24 September 2013
Cutting overhead through preemption threshold scheduling
Real time embedded systems typically use a collection of application tasks or threads that must complete their work within real time constraints.
Real time systems generally employ preemptive scheduling to guarantee that critical threads get immediate attention and meet their deadlines.
The downside? Preemptive scheduling can bring significant context switch overhead.
There's another way – Preemption Threshold Scheduling (PTS) reduces preemption overhead, whilst enabling applications to meet real time deadlines.
Typical preemptive scheduling
When one thread is executing and a higher priority thread becomes READY to run, the rtos interrupts – or preempts – the running thread and replaces it with the higher priority thread. In this process – termed a 'context switch' –the rtos saves the context of the executing thread on its stack, retrieves the context of the new thread from the stack and loads it into the cpu registers and program counter.
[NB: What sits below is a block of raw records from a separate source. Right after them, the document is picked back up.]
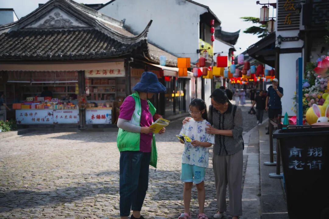 为进一步增强文明引导力量,双节期间,南翔古镇还增派了志愿者担任文明旅游劝导员。他们身着统一标识马甲,活跃在景区各处,以热情友善的态度为游客提供及时帮助,耐心劝导个别不文明行为。
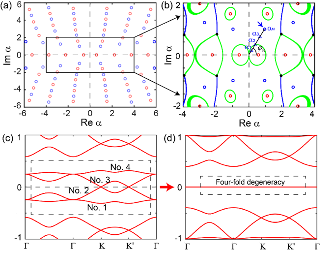 最近,中国科学院理论物理研究所吴贤新副研究员与日本理化学研究所Ching-Kai Chiu研究员、勒聪聪博士合作,发现通过在单层蜂窝格子中引入周期性交变磁通,转角双层体系可以实现四重(每个谷/自旋)简并的莫尔平带;进一步地,他们通过构造波函数的方法证实这些能带是没有色散的绝对平带。首先,他们建立了具有交变磁通转角双层体系的有效模型(图1),并通过一个规范变化发现交变磁通会导致层间耦合获得磁相位而变成复数。接着,他们计算了手性极限下模型的Birman-Schwinger 算符能谱[5](如图2),发现在复平面上除了实轴上单重实本征值(普通魔角)外,还有交替出现的单重(红色圆圈,图2)和二重复本征值(蓝色圆圈,图2)。由于层间耦合为复数,能谱复平面上本征值就可以通过调节转角和磁通来实现。他们的计算表明单重复本征值对应着体系的二重平带,而二重复本征值则对应着体系的四重平带。四重平带的实现源于
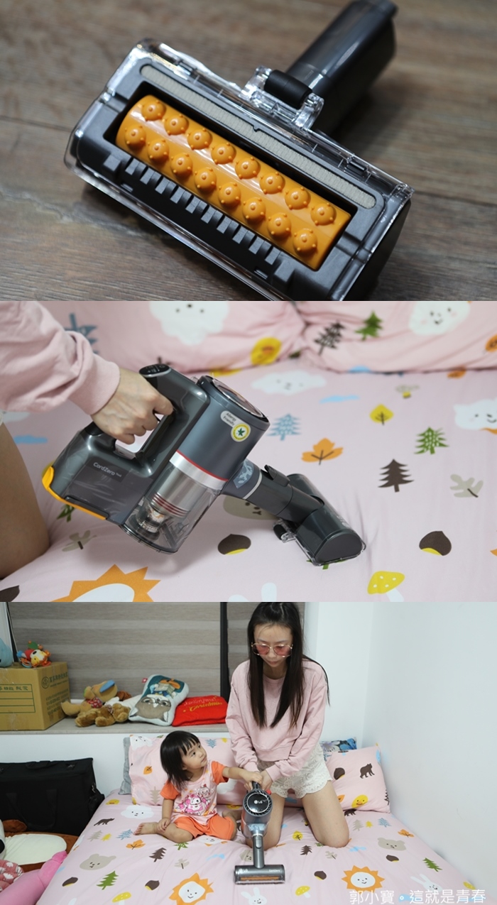 另外很重要的塵蟎吸頭,塵蟎吸頭我們都固定收在房間的抽屜裡面,通常只要拿主機進來安裝,A9K的吸力搭配塵蟎震動吸頭超好用,一機多用的設計就是讓人愛上她的主因,節省很多收納空間,我以前幾乎是一個功能就買一隻,而且自從有了Cola以後,這塵蟎吸頭就很常用,很多小朋友的過敏都是因為塵蟎的關係。 |
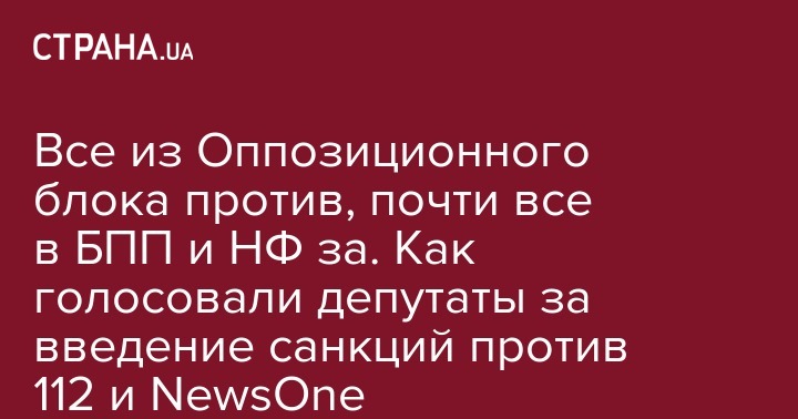 Верховная Рада на заседании 4 октября проголосовала за внесение на рассмотрение СНБО предложение санкций против каналов NewsOne и 112-Украина. Внесение этого вопроса в повестку было вызвано тем, что петиция "Прекратить антиукраинскую деятельность телеканала "112 Украина" и NewsOne" на сайте Верховной Рады досрочно набрала более 25 тысяч голосов.
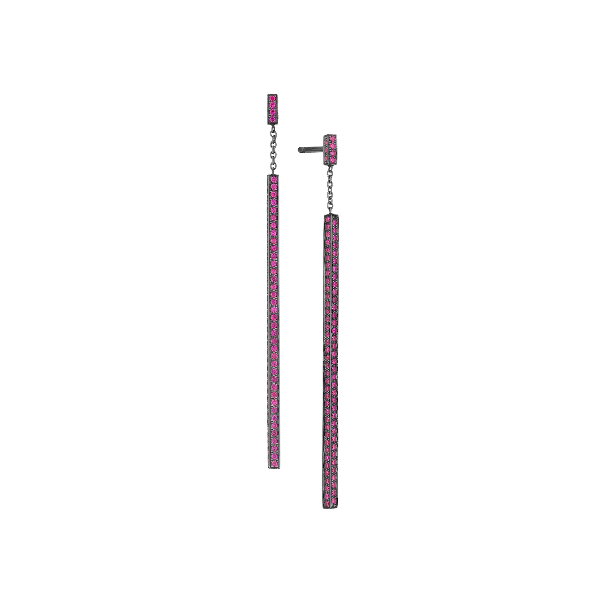 A pair of Stick earrings from the Piece collection, featuring ruby on three sides handcrafted in 18-karat black gold.
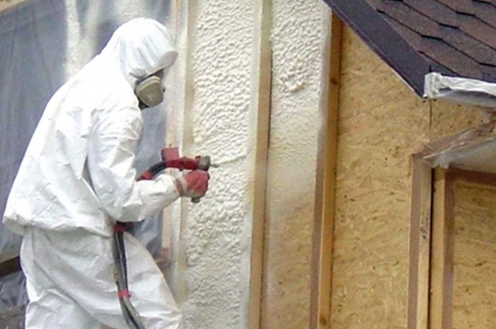 Нанесение пенополиуретана на стены дома осуществляется с помощью компрессора со шлангом, что позволяет обеспечить однородность покрытия и отсутствие швов. Отличные показатели эластичности материала при его нанесении делают пенополиуретан одним из лучших теплоизоляторов для утепления стен зданий сложной формы, когда использовать обычные плитные и рулонные изоляторы не представляется возможным.

The context switch operation is reasonably complex, and can take from 50 to 500 cycles, depending on the rtos and the processor.
Generally, real time schedulers are preemptive – they make sure the highest priority thread that is ready to run is the one they let run; the others must wait. With preemption, a running thread is stopped so that something else can run. In preemptive scheduling, the rtos always runs the highest priority thread that is READY to run. Preemptive scheduling is commonly found in real time systems and rtoses because it provides the fastest response when a thread must run immediately upon the occurrence of an external event or before a particular deadline. While responsiveness is maximised, overhead is high, since a context switch is always required.
Preemption brings some potential problems, which the developer must avoid or handle properly, including:
• Thread starvation. A thread may never get to execute if a higher priority thread never finishes. Developers should avoid conditions where a high priority thread might end up in an endless loop or where the thread consumes an undesirable amount of cpu time, preventing other threads from getting access.
• Excessive overhead. In situations with lots of context switching, overhead can add up. This article outlines some tools that enable this overhead to be seen and measured.
• Priority inversion. Priority inversion happens when a high priority thread is waiting for a shared resource, but the resource is held by a low priority thread which cannot get time to finish its use of the resource due to preemption by a thread of intermediate priority.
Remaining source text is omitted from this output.